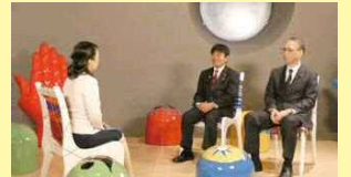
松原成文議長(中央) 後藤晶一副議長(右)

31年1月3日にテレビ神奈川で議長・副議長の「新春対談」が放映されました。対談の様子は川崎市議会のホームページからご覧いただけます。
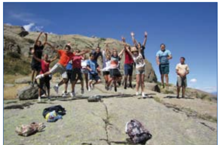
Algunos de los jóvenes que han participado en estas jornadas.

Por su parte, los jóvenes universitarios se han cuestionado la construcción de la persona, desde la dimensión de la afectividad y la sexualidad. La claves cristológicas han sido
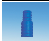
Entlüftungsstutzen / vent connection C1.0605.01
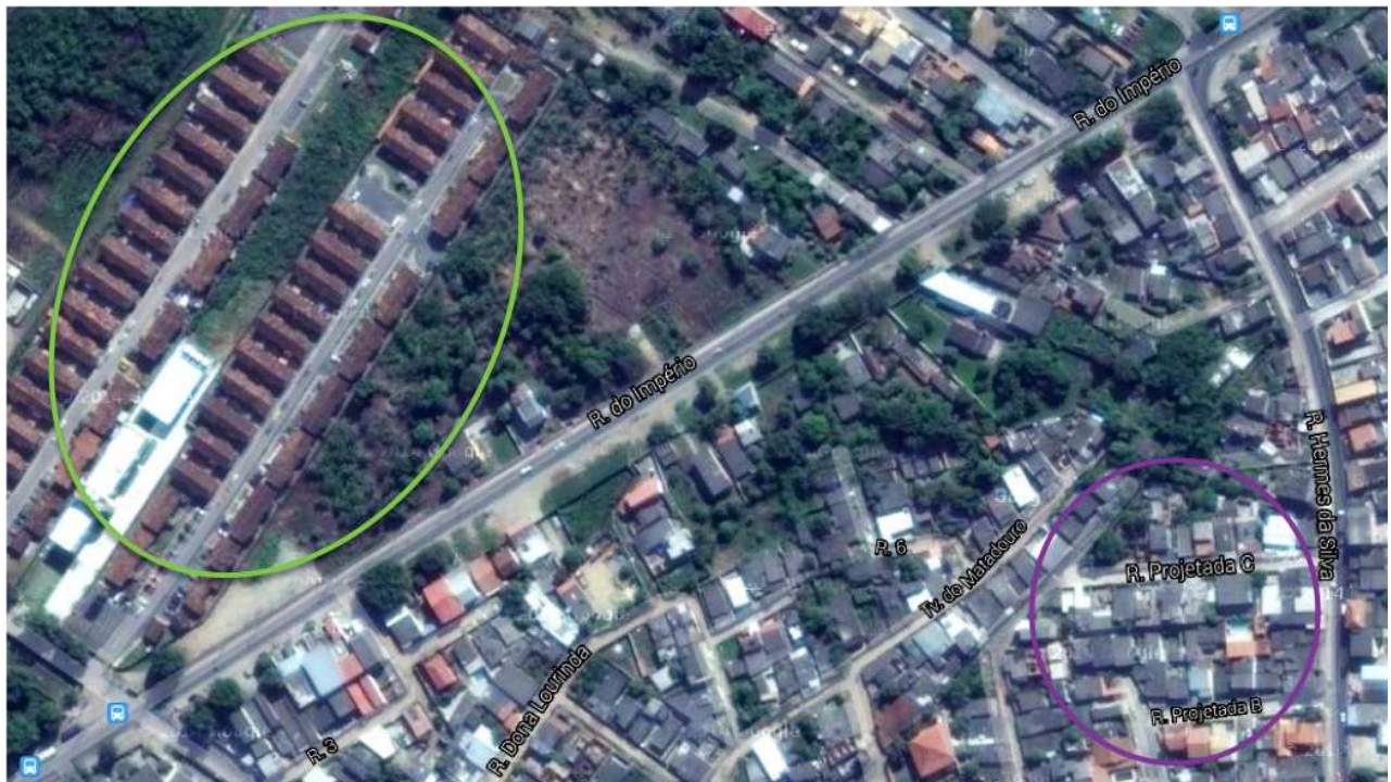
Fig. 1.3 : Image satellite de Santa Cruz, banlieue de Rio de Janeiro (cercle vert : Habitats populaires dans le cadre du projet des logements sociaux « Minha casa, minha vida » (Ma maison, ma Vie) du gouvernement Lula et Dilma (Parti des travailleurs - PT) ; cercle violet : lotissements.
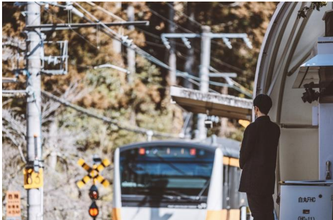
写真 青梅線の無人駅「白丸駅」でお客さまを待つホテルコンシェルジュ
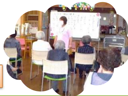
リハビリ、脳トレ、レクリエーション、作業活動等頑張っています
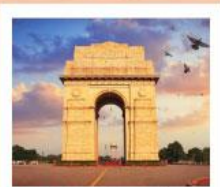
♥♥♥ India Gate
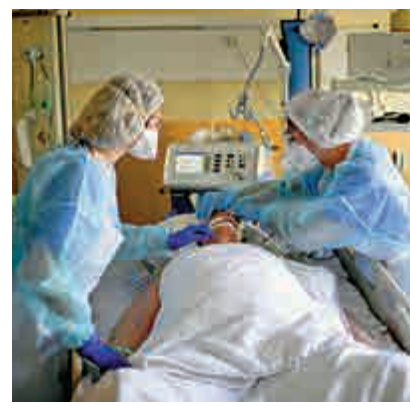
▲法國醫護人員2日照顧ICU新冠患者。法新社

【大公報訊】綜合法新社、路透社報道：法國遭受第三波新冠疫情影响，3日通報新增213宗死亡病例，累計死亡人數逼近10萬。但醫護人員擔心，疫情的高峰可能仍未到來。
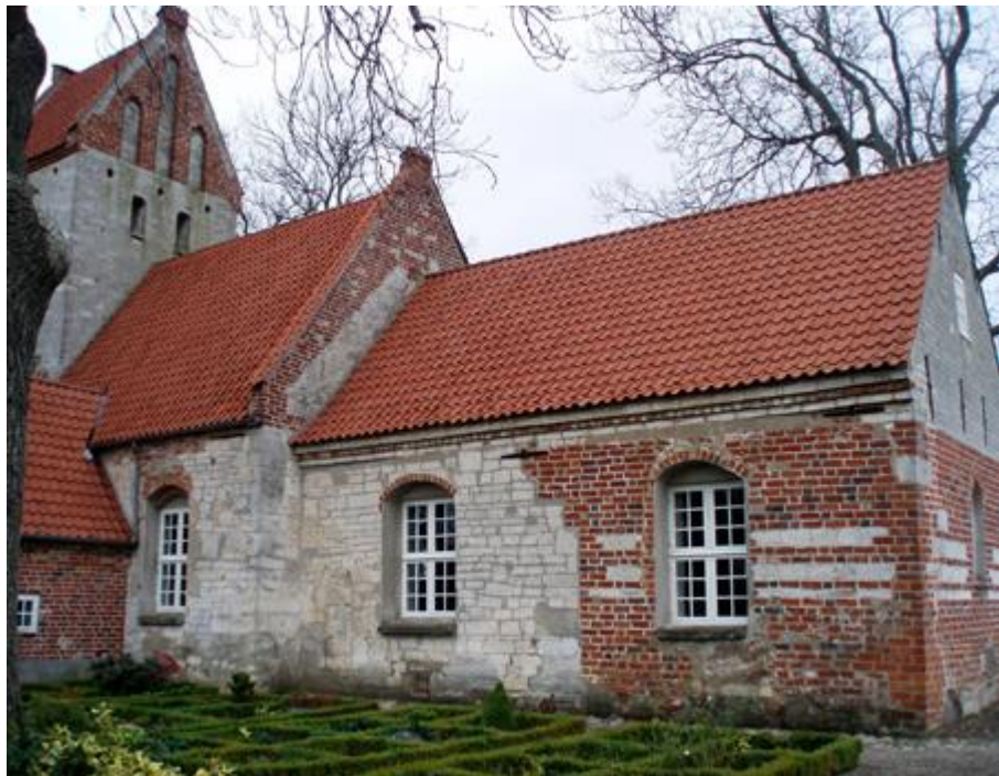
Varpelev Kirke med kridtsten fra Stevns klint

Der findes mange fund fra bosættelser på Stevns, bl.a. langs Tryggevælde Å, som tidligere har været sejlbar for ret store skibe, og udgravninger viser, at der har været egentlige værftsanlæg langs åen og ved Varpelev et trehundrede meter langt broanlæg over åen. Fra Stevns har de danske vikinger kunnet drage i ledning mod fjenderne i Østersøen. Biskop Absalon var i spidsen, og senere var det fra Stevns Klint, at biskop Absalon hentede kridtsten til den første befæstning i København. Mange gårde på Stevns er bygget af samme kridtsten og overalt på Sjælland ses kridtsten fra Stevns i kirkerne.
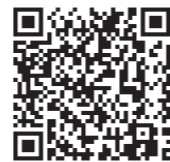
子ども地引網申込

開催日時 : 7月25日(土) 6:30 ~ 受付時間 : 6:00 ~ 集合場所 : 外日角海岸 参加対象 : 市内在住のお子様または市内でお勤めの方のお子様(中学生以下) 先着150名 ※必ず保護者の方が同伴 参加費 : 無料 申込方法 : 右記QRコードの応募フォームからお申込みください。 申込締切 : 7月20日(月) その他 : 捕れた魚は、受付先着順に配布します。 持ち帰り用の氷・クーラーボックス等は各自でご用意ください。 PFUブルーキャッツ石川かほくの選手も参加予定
◆ ◆ ◆ ◆ ◆ ◆ ◆
AIM OF THE EXERCISE:
Search the data for the string "kridtsten" and copy each line where it appears.

OUTPUT BELOW:
Varpelev Kirke med kridtsten fra Stevns klint
Der findes mange fund fra bosættelser på Stevns, bl.a. langs Tryggevælde Å, som tidligere har været sejlbar for ret store skibe, og udgravninger viser, at der har været egentlige værftsanlæg langs åen og ved Varpelev et trehundrede meter langt broanlæg over åen. Fra Stevns har de danske vikinger kunnet drage i ledning mod fjenderne i Østersøen. Biskop Absalon var i spidsen, og senere var det fra Stevns Klint, at biskop Absalon hentede kridtsten til den første befæstning i København. Mange gårde på Stevns er bygget af samme kridtsten og overalt på Sjælland ses kridtsten fra Stevns i kirkerne.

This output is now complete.